Доктор Коровкин разглядывал цветы и слушал комментарии профессора – оба и не заметили, как рядом с оградой оказался высокий стройный человек в форме морского офицера.
– Лютиками-цветочками любуетесь, иуды? А сами родину продаете за медный грош! – Слова, вылетевшие из уст незнакомца, заставили дачников вздрогнуть от неожиданности.

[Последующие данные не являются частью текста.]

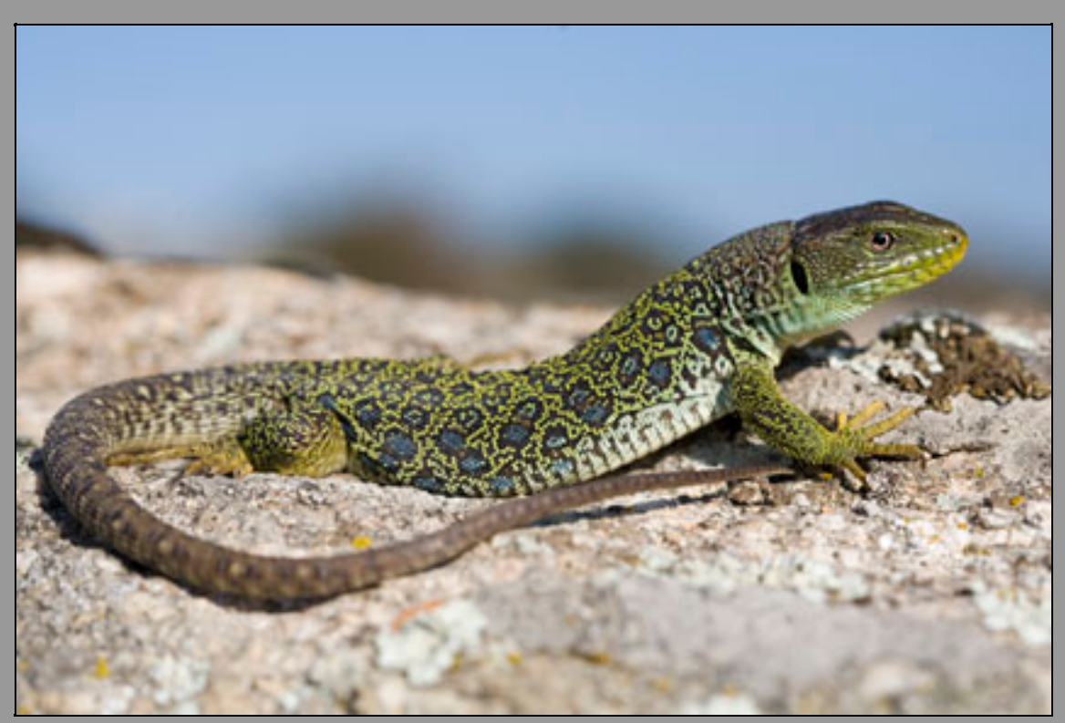
Ocellated lizard (Timon lepidus)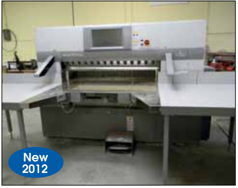
POLAR MOHR 54" PAPER CUTTER MODEL 137-XT-PI US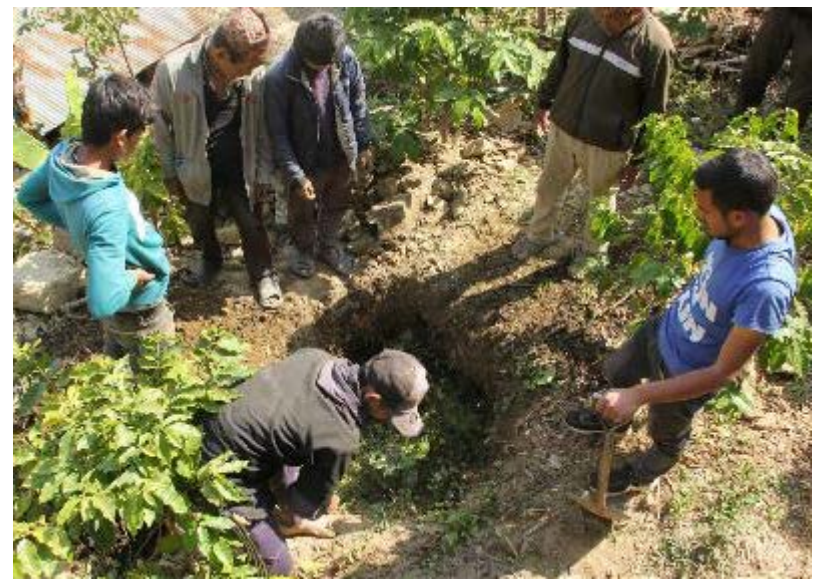
Figure 7 Bio intensive Training in DAFRC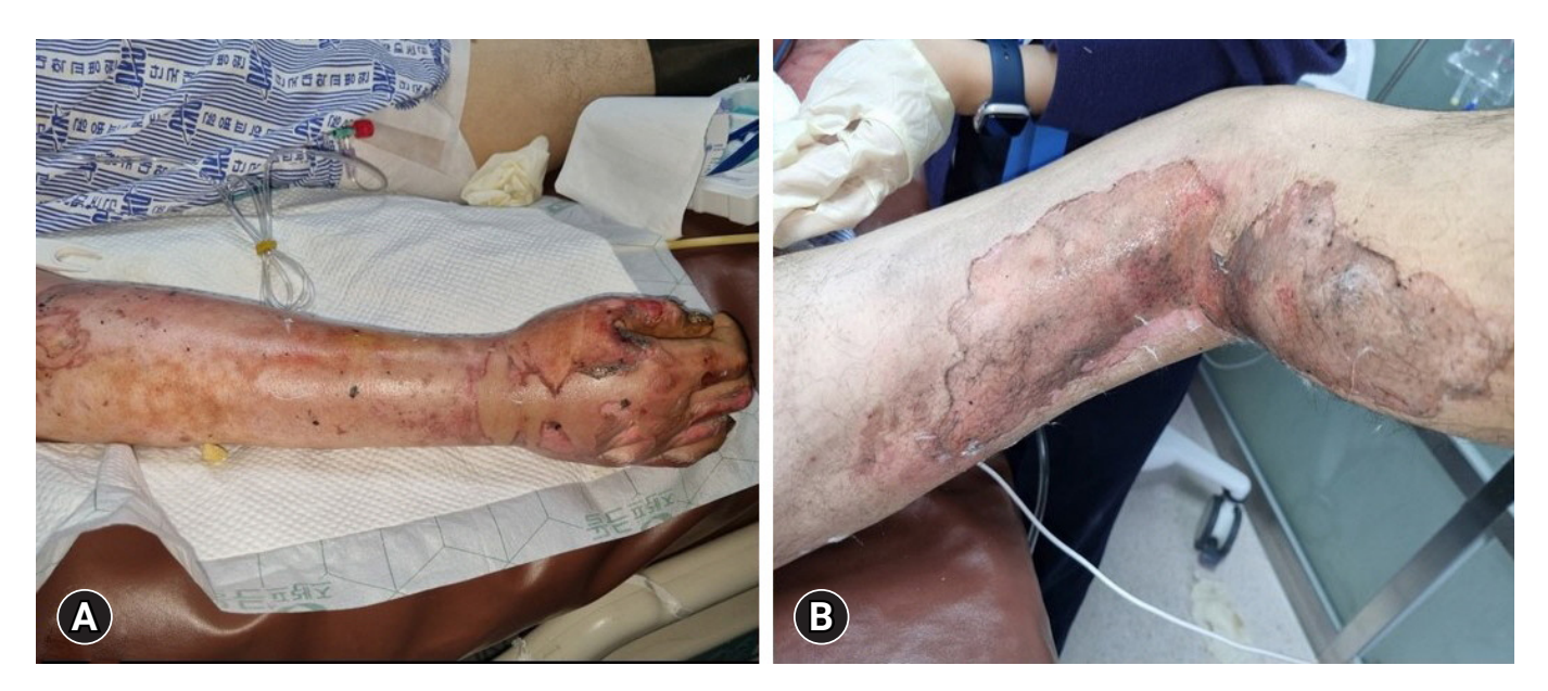
Fig. 1. Second-degree skin burns of the arms and legs. Twenty-five percent of the total body surface area is noted. (A) Right arm. (B) Right leg.

To confirm airway injury due to inhalation burn, following antidote administration, an otolaryngologist performed upper airway bronchoscopy; however, no specific injury findings were observed. However, owing to the possibility of pneumonia or airway obstruction, he was admitted to the intensive care unit (ICU) and prescribed steroids and antibiotics. The next day, he complained of sudden hoarseness of voice and difficulty in breathing,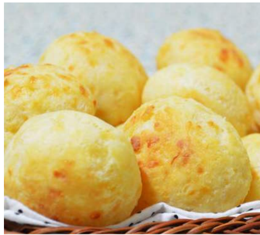
Pão de queijo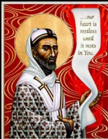
St. Augustine of Hippo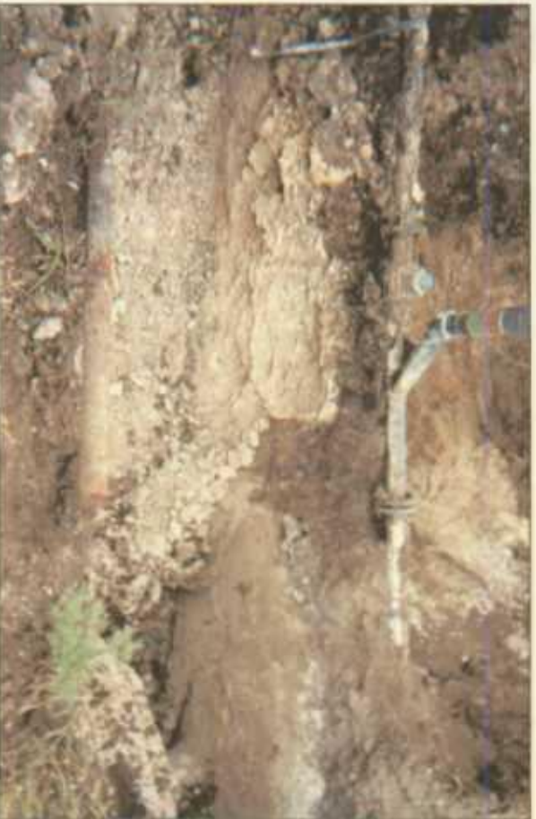
delineation & excavation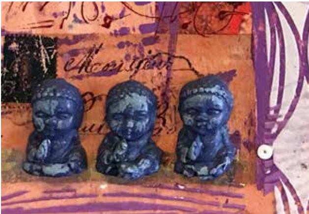
Painted cast objects glued to art with soft gel.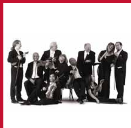
The Second Violins

We are considering arranging a wildflower walk in Kings Park prior to the event. When booking for Celebrating Second Fiddles please indicate on the booking form whether you would be interested in participating in a walk. If there is enough interest we will contact you to advise further details.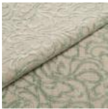
Afrodite 83 Pastell green 1000483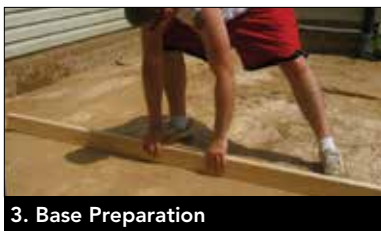
3. Base Preparation

Install patio base to a compacted finished thickness of 4 in. for patios and walkways.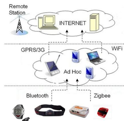
Fig. 1 Three layer hierarchical network architecture of wireless body sensor network

However WSN was not specially designed for monitoring human body as the human body is a smaller scale environment which requires appreciation of a slightly different set of challenges. The unsuitable WSN design for monitoring human body and its internal environment has directly triggered the development of wireless body sensor network (WBSN) with locally computational intelligence, which could provide pervasive monitoring environment while at the same time guaranteeing the mobility of monitored patients [8] . WBSN comprises a series of miniaturized wearable or implantable sensors which accurately capture physiological data from patients and transmit all the data, either raw or low-level processed, wirelessly to a local mini-processor unit (or known as a base station) for further processing. After all required data are collected in this way they would be transmitted to a remote central server via wireless LAN, Bluetooth or GPRS/GSM networks [9] .

Среднего роста, статный, безобразно пьяный, с растрепанными русыми волосами молодой человек в полурастегнутом кителе стоял у ограды с бутылкой в руке. Его бледное лицо казалось безумным. Осоловелые карие глаза под сдвинутыми черными бровями с необыкновенной злобой смотрели на профессора и доктора. Хлебнув из бутылки, нежданный прохожий продолжил, облокотясь на штакетник:
– Предательство Родины – несмываемый позор. Известно ли это вам, досточтимые господа? – Вопрос он визгливо выкрикнул и икнул. – Пособники антихриста, иуды поганые. И я с вами буду в аду псалмы распевать. Да, да, и не смотрите на меня невинными бараньими глазами! Я раскрыл ваше змеиное логово! Как я мог, как я пал так низко? Кровь славных предков вопиет во мне! Нет мне прощенья!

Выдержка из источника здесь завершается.